I hope my explanation is not too messy.
anyway, I see that you get attributes from the flow, trying to see why generators are always empty after that step
d
I’m still not 100% sure I get the use case but to answer the “where is the data pickled” bit, it goes like this: • at the end of the metaflow task, we call
persist
here: https://github.com/Netflix/metaflow/blob/master/metaflow/task.py#L665 • this leads to here: https://github.com/Netflix/metaflow/blob/master/metaflow/datastore/task_datastore.py#L672 where we collect all the artifacts to save. Note that some things are excluded (methods, functions, certain names, etc.). In that function you will see we have a generator over the attributes of the flow to pickle. It’s a destructive iterator in the sense that it tries to be somewhat memory conscious • we then reach the function you were pointing to here: https://github.com/Netflix/metaflow/blob/master/metaflow/datastore/task_datastore.py#L236 which is responsible for encoding and dumping each artifact.

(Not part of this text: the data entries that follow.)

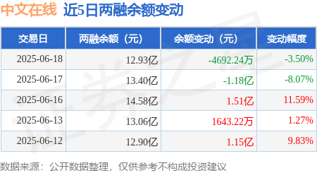 本站消息,6月18日,中文在线(300364)融资买入1.16亿元,融资偿还1.63亿元,融资净卖出4691.7万元,融资余额12.93亿元,近20个交易日中有13个交易日出现融资净买入。
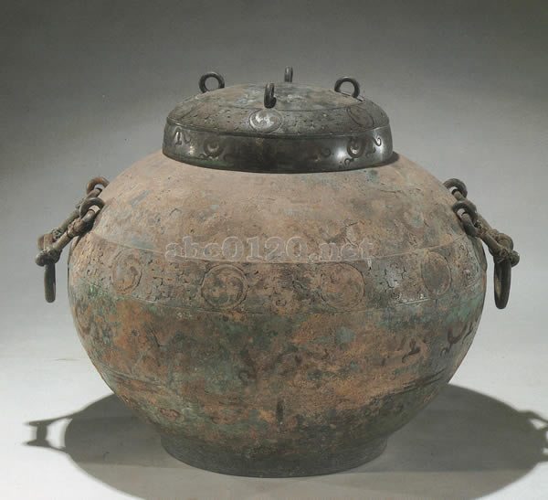 環形の鉦(つまみ),丸味のある蓋,直頸,広い肩,鼓腹,平底.短い圏足がある。肩に対称的に獣頭の環耳がある.蓋・肩・腹に龍文,雲文などを銅を用いて象嵌する。蓋の内側の口縁部に銘文が一めぐりする。形は均斉がとれ,図案は精細である。象嵌技術は特に秀で, とりわけ跳躍する龍の姿態は生き生きとしている。出所:「黄河文明展」
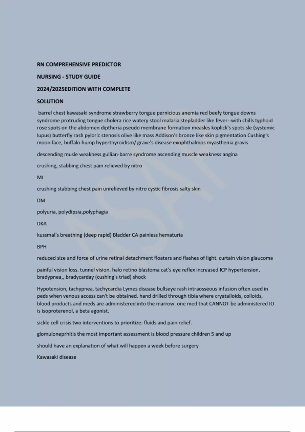 RN COMPREHENSIVE PREDICTOR NURSING - STUDY GUIDE
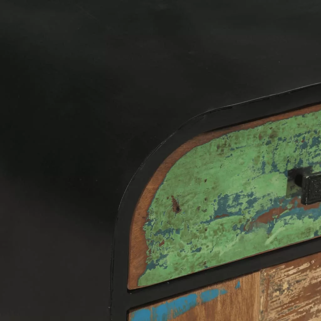 Ez az antik stílusú újrahasznosított fából készült tálaló négy fiókjával és négy tárolórekeszével bőséges tárolóhelyet kínál, és hozzájárul a rend fenntartásához. Ez a tárolószekrény újrahasznosított, tömör fából készült, aminek következtében a bútor felülete több fa jellegzetes vonásait viseli, mint pl.: mahagóni, tíkfa, keményfa, mangófa, akácfa, stb. Az újrahasznosított fa tömör, masszív, tartós és gyönyörű. Otthonában ez a bútor arról árulkodik, hogy Ön környezetkímélő és törődik a világ sorsával és a fenntartható fejlődéssel. Minden egyes bútordarab egyedi megjelenésű, és enyhén eltér társaitól. A kopottság jelei tovább növelik az egyediségét és nosztalgikus kisugárzást is kölcsönöznek a tálalónak. Ez a pohárszék teljes mértékben kézzel készült, így lenyűgöző, retró kinézete van. A készítési folyamat minden egyes lépése a lehető legnagyobb odafigyeléssel történt, legyen szó akár a csiszolásról, a festésről vagy a lakkozásról. Könnyen összeszerelhető. Figyelem: A bútordarab színe minden példány esetében más, így ezek a tálalóasztalok mind egyediek; a szállítás véletlenszerűen történik.
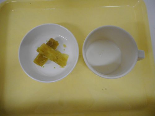 2018.11.12|その他 11月12日(月)の給食&おやつメニュー 本日の給食メニュー ・ごはん ・みそ汁 ・おでん ・きゅうりともやしのゆかり和え ・みかん 本日のおやつメニュー ・ふかし芋 ・牛乳 前へ 次へ

This is again a generator function
pickle_iter
. • we then end up here: https://github.com/Netflix/metaflow/blob/master/metaflow/datastore/task_datastore.py#L236 with another generator function
packing_iter
here which is responsible for compressing the pickled blob (in the current implementation). • you then end up in one of the backends, for s3, it would be here: https://github.com/Netflix/metaflow/blob/master/metaflow/datastore/s3_storage.py#L77. In this implementation, you can see that it’s at this point that all the previous generators basically get “resolved” and things are pushed to S3. For a few artifacts, it’s one at a time, for many artifacts, it’ll happen in parallel. I hope this helps. Let me know if you have more questions.
a
@faint-hair-28386 I do not think its possible to pickle a generator unless you use Pypy.
f
I don’t want to pickle it, I want to have a better logic, so when there is a generator it is unrolled and each batch is pickled. So, for the rest of the system it will look like another array
thank you Romain, I will look into those steps. If you want to understand the use case, I will be happy to jump on a zoom call, or anything like that
I think I discovered this flow yesterday. And the issue is that
getattr(flow, attr)
returns the object definition, and generators are the tricky ones. So at this call, it knows that it is a generator but it cannot restore its state, that’s why it’s empty
d
are you looking for artifacts to be persisted partially through a step?
f
not really. I’m looking for a way so I don’t need to overload memory with data that anyway will be sunk into the persistence layer. I want to have some sort of a sink in the
next
function, that can work through generators
d
Ah. Got it finally I think. So we use generators in the process I described (although we materialize earlier I think) but you want to be able to pass in a generator to thst. Let me think about it a bit and also about the early materialization.